REQUIREMENT —
Nothing but the lines from the one containing "For the man" through the last line of the data below should be returned, each exactly as it stands, pictures excluded.

DATA —
______

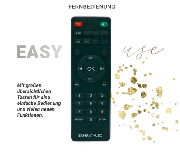 - Fernbedienung, um die einzelnen Titel direkt anzuwählen
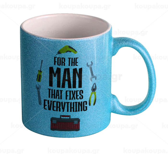 For the man that fixes everything!, Κούπα Σιέλ Glitter που γυαλίζει, κεραμική, 330ml
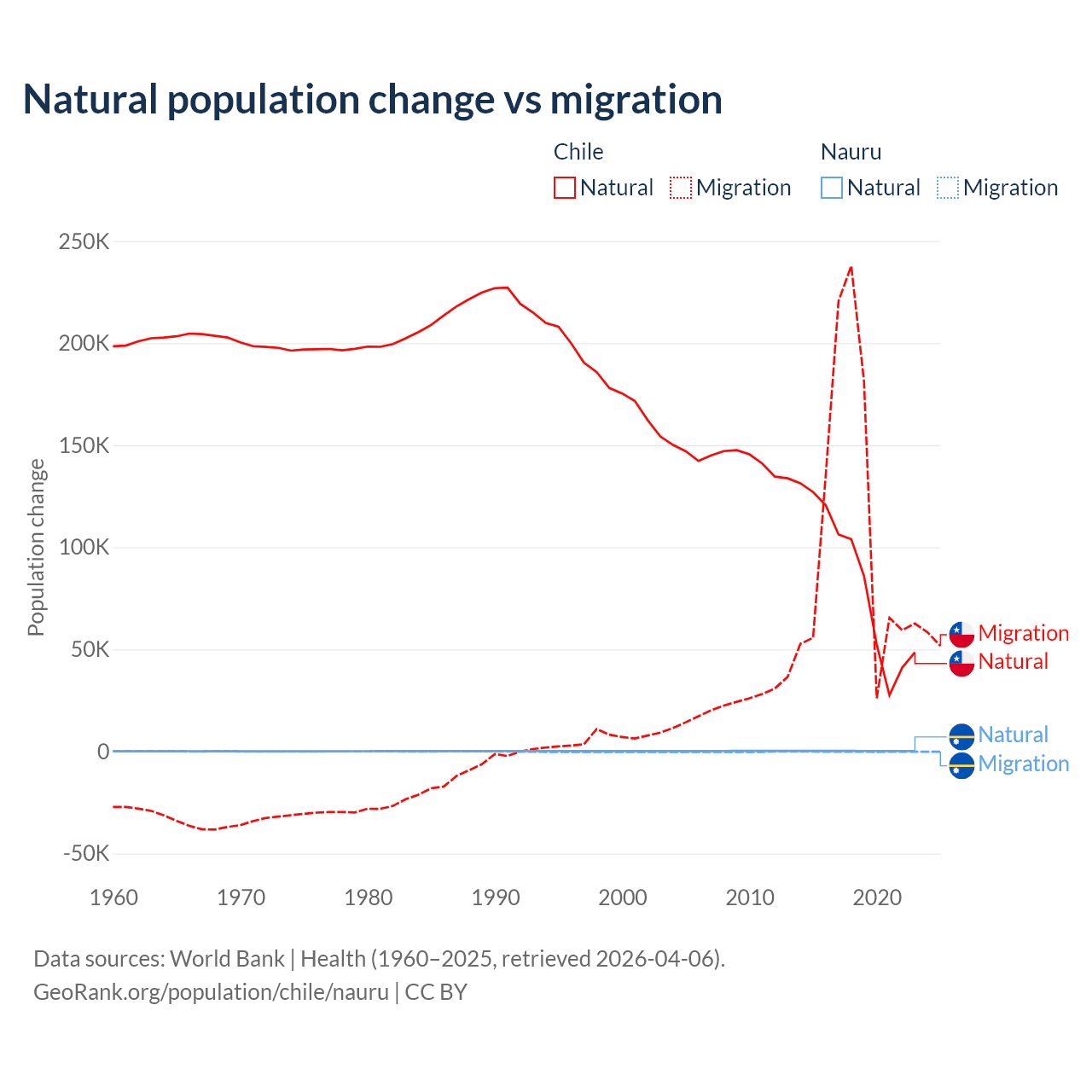 Over the last 10 years, 43.5% of the population change in Chile is from natural causes (a gain of 844,683 people) and 56.5% is from migration (a gain of 1,097,597 people). In Nauru 66.2% is from natural causes (a gain of 2,590 people) and 33.8% is from migration (a loss of 1,320 people).
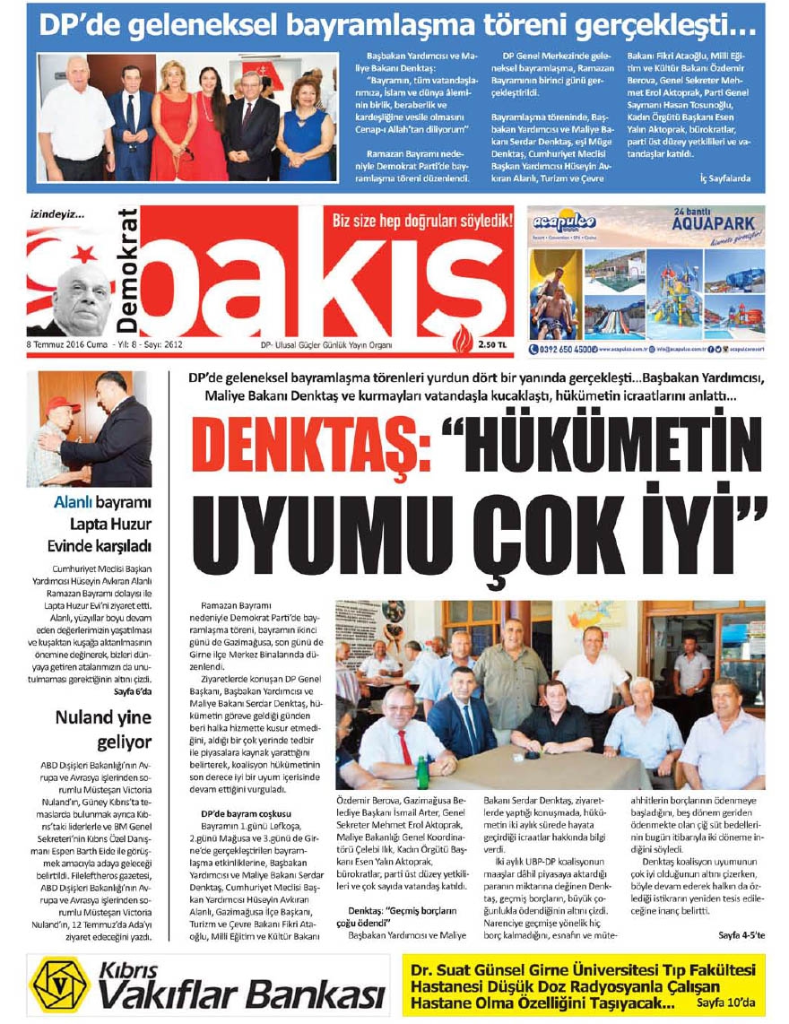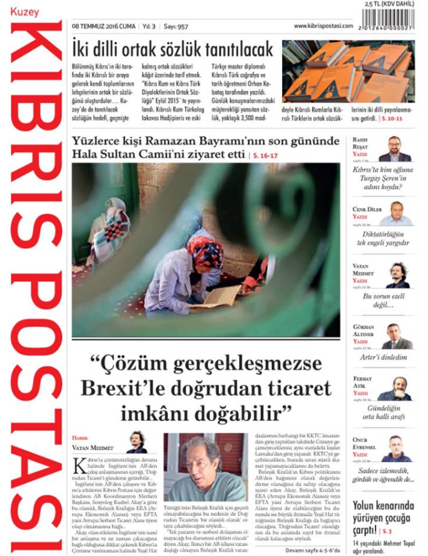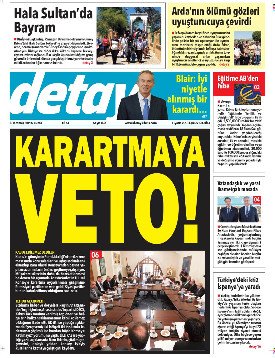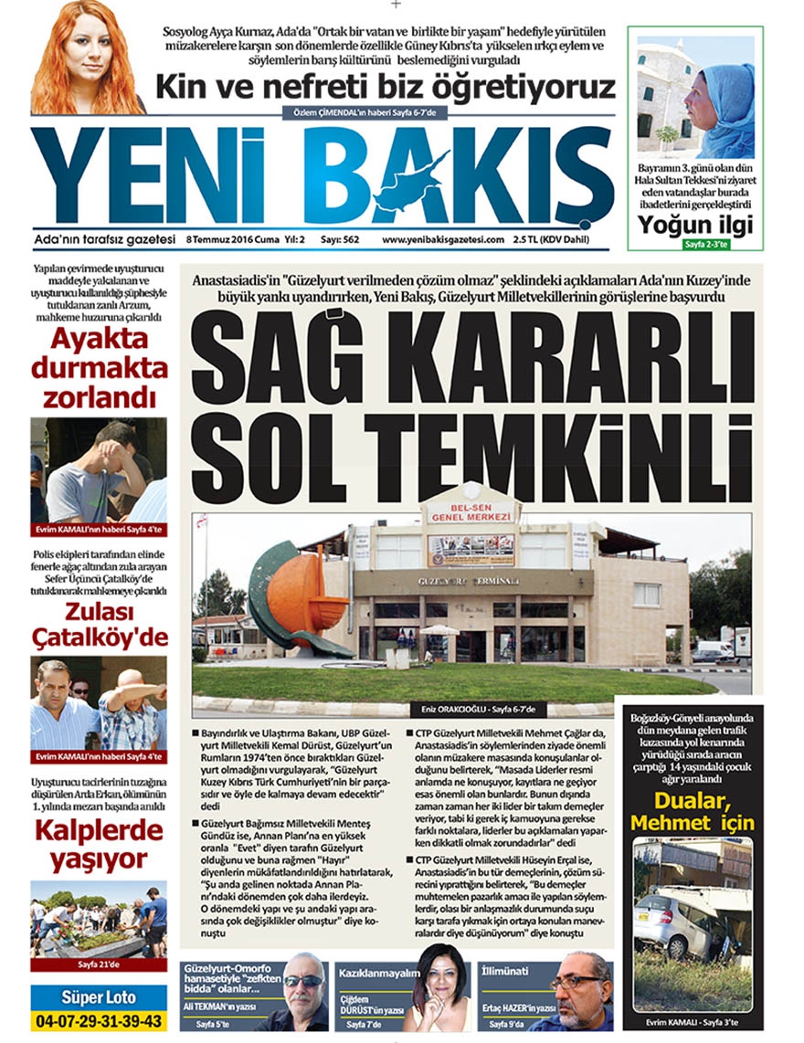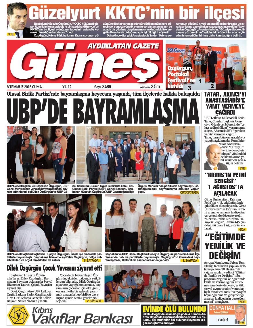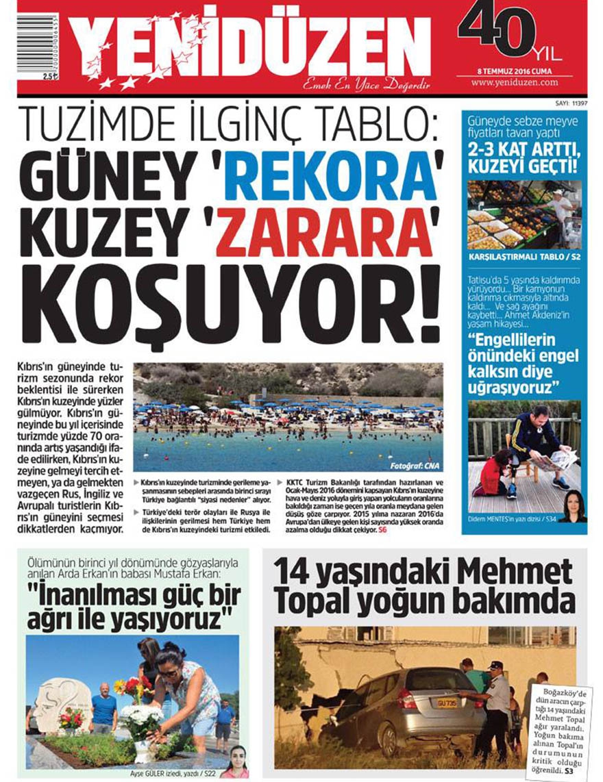 KKTC Gazete Manşetleri 8 Temmuz 2016

______

SOLUTION FOR THIS PROBLEM —
 For the man that fixes everything!, Κούπα Σιέλ Glitter που γυαλίζει, κεραμική, 330ml
 Over the last 10 years, 43.5% of the population change in Chile is from natural causes (a gain of 844,683 people) and 56.5% is from migration (a gain of 1,097,597 people). In Nauru 66.2% is from natural causes (a gain of 2,590 people) and 33.8% is from migration (a loss of 1,320 people).
 KKTC Gazete Manşetleri 8 Temmuz 2016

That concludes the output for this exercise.